Tuesday, September 4, 2012

WHAT DO YOU DO?

If you're unemployed/underemployed, chances are, you're anti-social. This is partially because you don't have any money to do anything, but largely because your life is an embarrassment. Meeting new people becomes a nightmare, because they will inevitably ask you what you do for a living. You might be tempted to answer honestly, saying something like "I DON'T DO ANYTHING!!!!" before bursting into tears.

Do not do this. There are 4 ways you can handle this question without looking like a loser.

DEALING WITH THE QUESTION: "WHAT DO YOU DO?"

METHOD 1: DEFLECTION- Smile and say "I think a better question is... what don't I do?" (bonus points if you suggestively waggle your eyebrows). You've taken the conversation into a completely different direction, and if you're at a bar, there's a strong chance you won't be paying for anything the rest of the evening.

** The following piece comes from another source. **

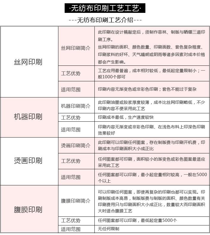El material principal de las bolsas no tejidas es tela no tejida. La tela no tejida es un nuevo tipo de producto de fibra con estructura suave, transpirable y plana formado directamente a partir de chips de polímero, fibras cortas o filamentos a través de varios métodos de formación de red y tecnologías de consolidación. Proceso de producción: |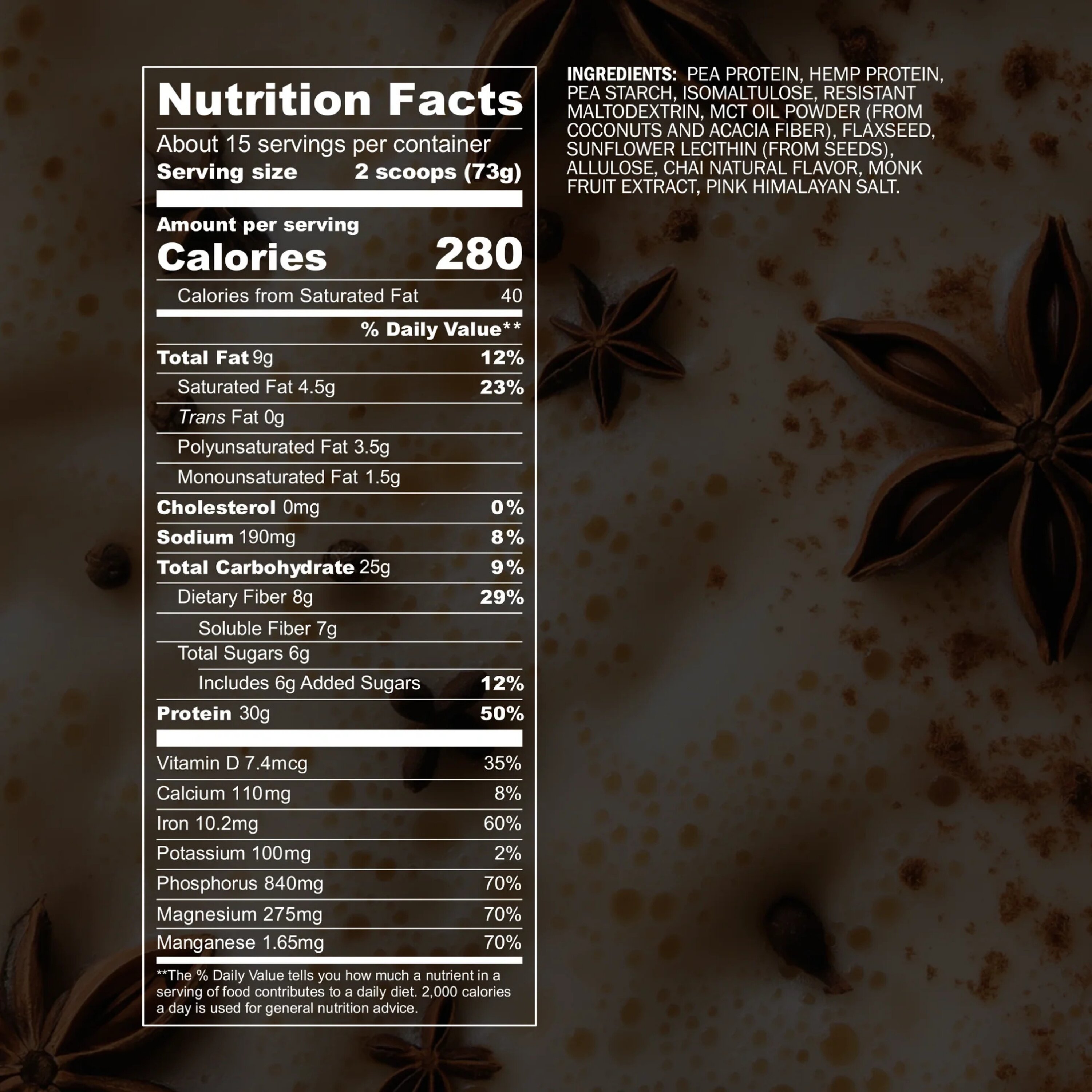 Detta chai-smakade proteinpulver är utformat för att erbjuda både funktion och njutning — med kryddiga chai-toner som kompletterar en balanserad nutritionsprofil. Produkten kombinerar högkvalitativt protein med stabila kolhydrater och adaptiva mikronutrienter för att stödja ämnesomsättning och uthållighet.

METHOD 2: BE VAGUE- Be honest... sort of. 
  • EXAMPLE 1: You work at McDonalds. Tell people you're a culinary specialist. No one needs to know McNuggets are your specialty.
  • EXAMPLE 2: You're a cashier at Forever 21. Tell people you work in fashion. It's not your fault if whoever you tell that to assumes you mean something fancier. You're not a liar- they're just snooty.
  • EXAMPLE 3: You don't have a job. Tell people you're an independent researcher. No one has to know your "research" is just you typing things like "watch How High free online" into your Google search bar.
METHOD 3: LIE- Face it kiddo, your life's a mess. It might be nice to pretend like it isn't for a little while. There are several ways this one can go wrong, making you seem even more pathetic than you would have if you just told the truth. If you choose this method, make sure you do the following:
  • BE CERTAIN YOU'LL NEVER HAVE TO SEE THIS PERSON AGAIN. The idea is that you escape your shitty life for a few hours, not that you end up leading a double life as a fake interior decorator.
  • PICK SOMETHING KIND OF BORING: If you tell people that you're Beyonce's personal assistant, that's all they're going to want to talk about. If you tell people you're a tap dancer, they're going to want to see your moves (this actually happened to me once). When choosing a fake career, it's best to go dull but lucrative, like an accountant or a podiatrist. This way, they'll think you aren't a bum, and they won't want to hear details. 
METHOD 4: JUST DON'T GO OUT- Why bother putting pants on to go out and spend money you don't have when you can watch a Love and Hip Hop Atlanta marathon and cry into your cereal for free? We all know that's what you feel like doing anyway. 

Remember, you're only a loser if other people think you're a loser.*


*Just kidding, assface! You're totally still a loser. Now get a job before you become Karlie from LHHATL.